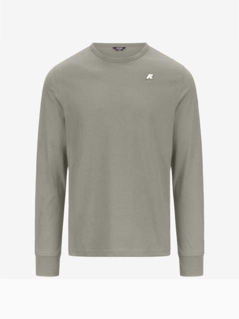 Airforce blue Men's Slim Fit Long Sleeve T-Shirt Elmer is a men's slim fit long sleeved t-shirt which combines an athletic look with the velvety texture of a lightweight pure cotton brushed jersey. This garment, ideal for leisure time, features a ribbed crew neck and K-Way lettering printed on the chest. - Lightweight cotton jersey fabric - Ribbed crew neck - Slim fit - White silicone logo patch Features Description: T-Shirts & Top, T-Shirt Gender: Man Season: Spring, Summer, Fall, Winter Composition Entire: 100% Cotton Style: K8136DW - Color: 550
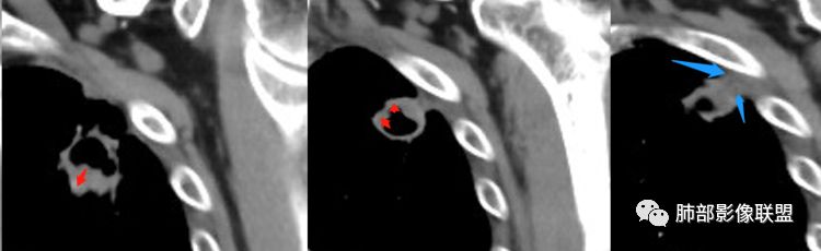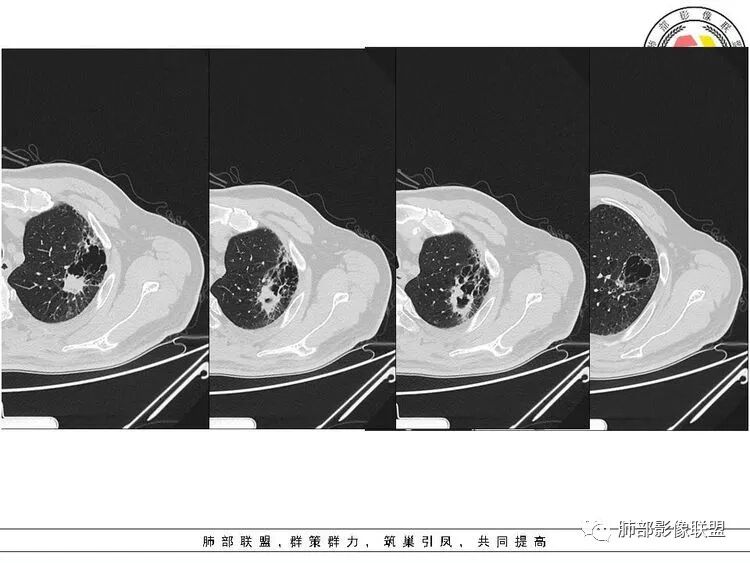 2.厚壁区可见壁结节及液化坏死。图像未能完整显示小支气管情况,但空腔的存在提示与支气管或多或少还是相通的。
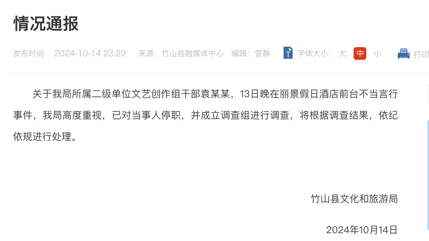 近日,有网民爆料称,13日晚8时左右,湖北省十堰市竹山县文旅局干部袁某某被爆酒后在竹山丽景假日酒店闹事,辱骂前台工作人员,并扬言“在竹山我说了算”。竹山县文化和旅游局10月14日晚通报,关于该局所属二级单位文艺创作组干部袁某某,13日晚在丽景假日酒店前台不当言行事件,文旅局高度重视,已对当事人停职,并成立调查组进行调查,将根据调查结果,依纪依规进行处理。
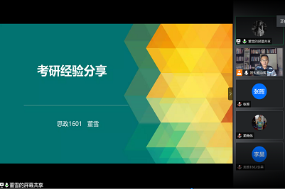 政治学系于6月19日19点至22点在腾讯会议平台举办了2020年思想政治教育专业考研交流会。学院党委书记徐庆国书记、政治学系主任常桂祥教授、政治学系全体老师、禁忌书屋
•••••
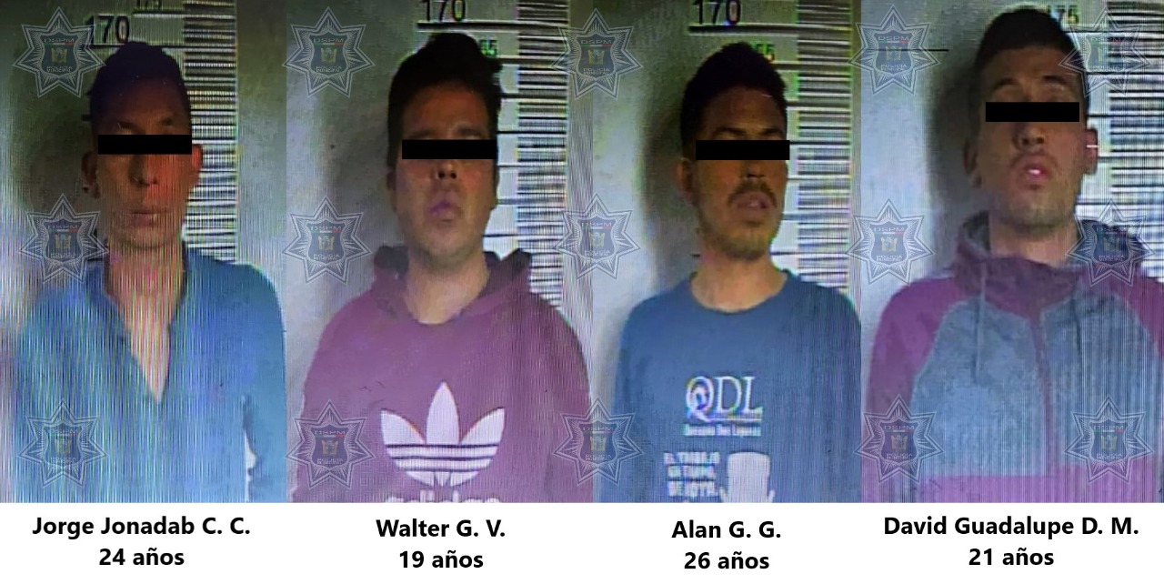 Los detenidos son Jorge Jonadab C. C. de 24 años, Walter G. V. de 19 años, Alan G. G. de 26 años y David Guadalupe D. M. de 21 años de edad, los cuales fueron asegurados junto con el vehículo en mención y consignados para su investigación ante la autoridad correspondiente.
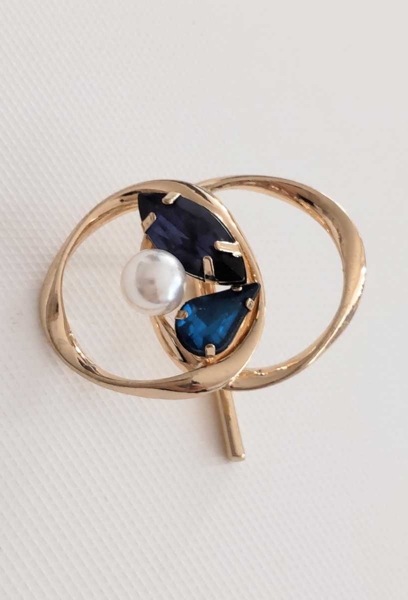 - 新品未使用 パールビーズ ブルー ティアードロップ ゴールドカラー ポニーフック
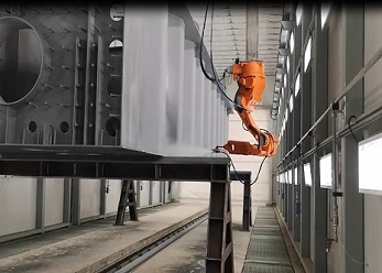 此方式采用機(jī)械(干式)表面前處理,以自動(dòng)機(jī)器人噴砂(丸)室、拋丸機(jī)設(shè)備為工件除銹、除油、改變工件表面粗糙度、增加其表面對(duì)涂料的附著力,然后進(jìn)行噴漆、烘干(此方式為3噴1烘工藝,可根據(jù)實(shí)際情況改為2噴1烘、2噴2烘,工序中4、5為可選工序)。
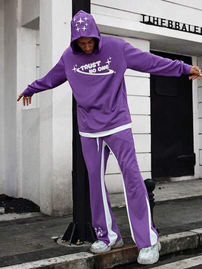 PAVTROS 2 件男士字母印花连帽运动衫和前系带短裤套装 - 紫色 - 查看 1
•••••
• _Exercise instructions_
Would you copy out, exactly and with no pictures, only the lines above from the one that contains "2.厚壁区可见壁结节及液化坏" through the one that contains "政治学系于6月19日19点至"?

• _Answer_
 2.厚壁区可见壁结节及液化坏死。图像未能完整显示小支气管情况,但空腔的存在提示与支气管或多或少还是相通的。
 近日,有网民爆料称,13日晚8时左右,湖北省十堰市竹山县文旅局干部袁某某被爆酒后在竹山丽景假日酒店闹事,辱骂前台工作人员,并扬言“在竹山我说了算”。竹山县文化和旅游局10月14日晚通报,关于该局所属二级单位文艺创作组干部袁某某,13日晚在丽景假日酒店前台不当言行事件,文旅局高度重视,已对当事人停职,并成立调查组进行调查,将根据调查结果,依纪依规进行处理。
 政治学系于6月19日19点至22点在腾讯会议平台举办了2020年思想政治教育专业考研交流会。学院党委书记徐庆国书记、政治学系主任常桂祥教授、政治学系全体老师、禁忌书屋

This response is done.